In the data below, find the line containing "The tour starts"; transcribe it and each line after it exactly, through the last, skipping pictures.

Supplied data below:

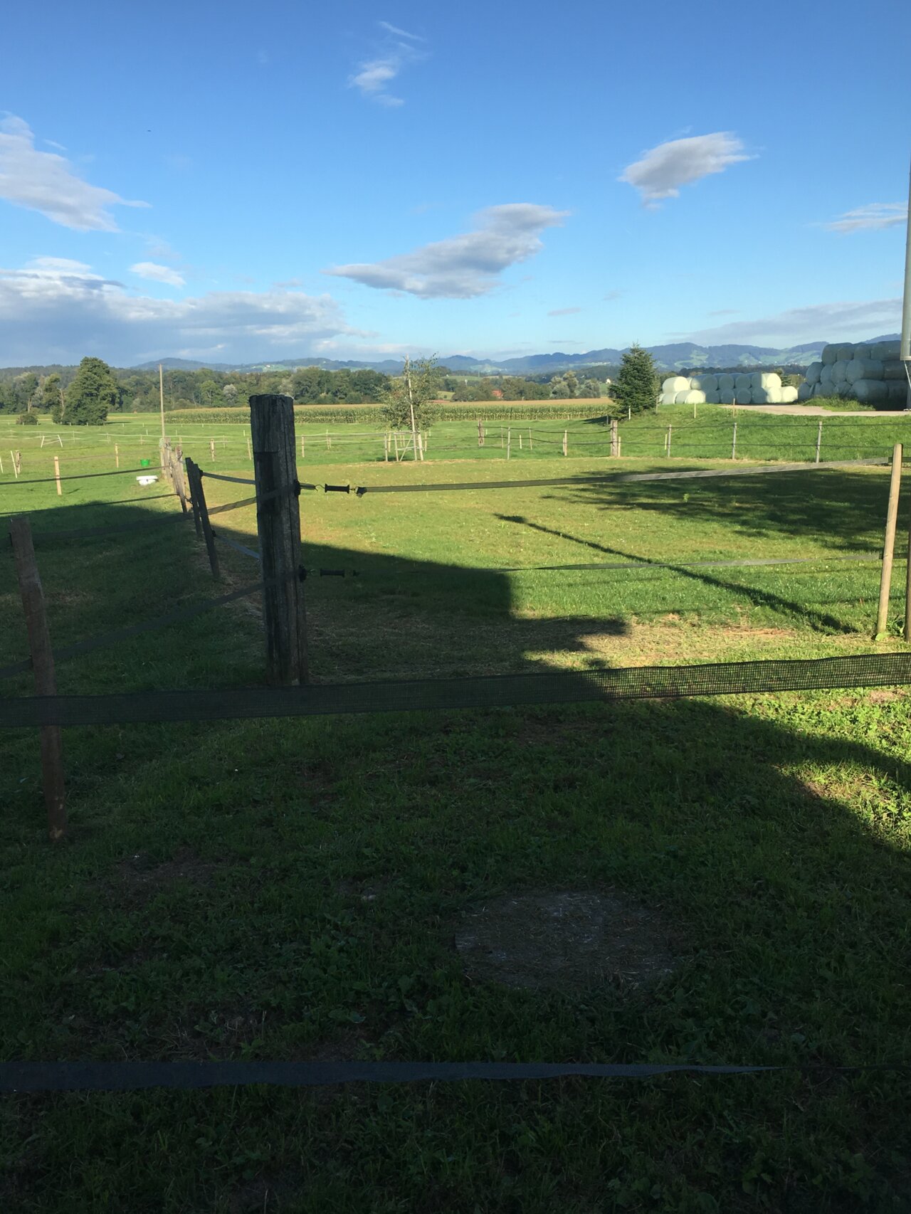Grosszügige Weideflächen und ein begrünter Allwetterplatz bieten unseren Pferden Auslauf und Bewegung. Die Reithalle Oertli ist in Reitdistanz.
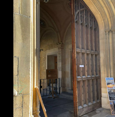 The tour starts on Broad Street in front of the large gates of Exeter College.
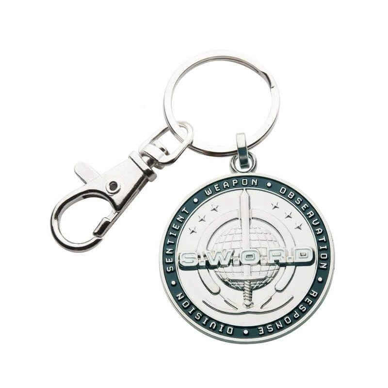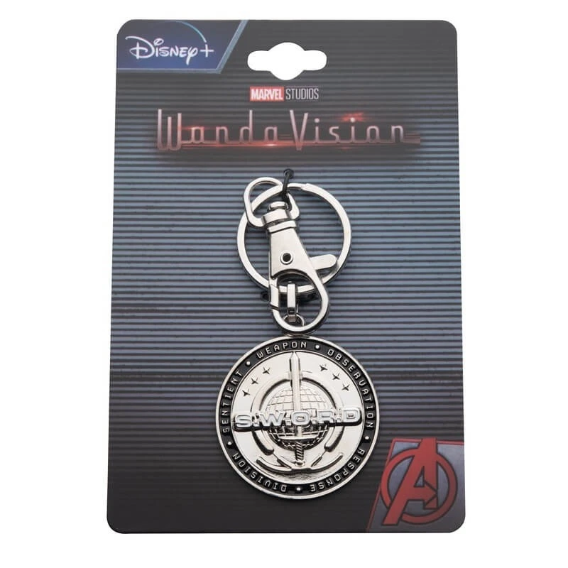 Este llavero con el logo de S.W.O.R.D. está inspirado en la serie de Marvel Wandavision. Está fabricado en metal esmaltado y cuenta con una anilla y un clip de metal para colgarlo.

End of Supplied data.

Solution to this problem:
 The tour starts on Broad Street in front of the large gates of Exeter College.
 Este llavero con el logo de S.W.O.R.D. está inspirado en la serie de Marvel Wandavision. Está fabricado en metal esmaltado y cuenta con una anilla y un clip de metal para colgarlo.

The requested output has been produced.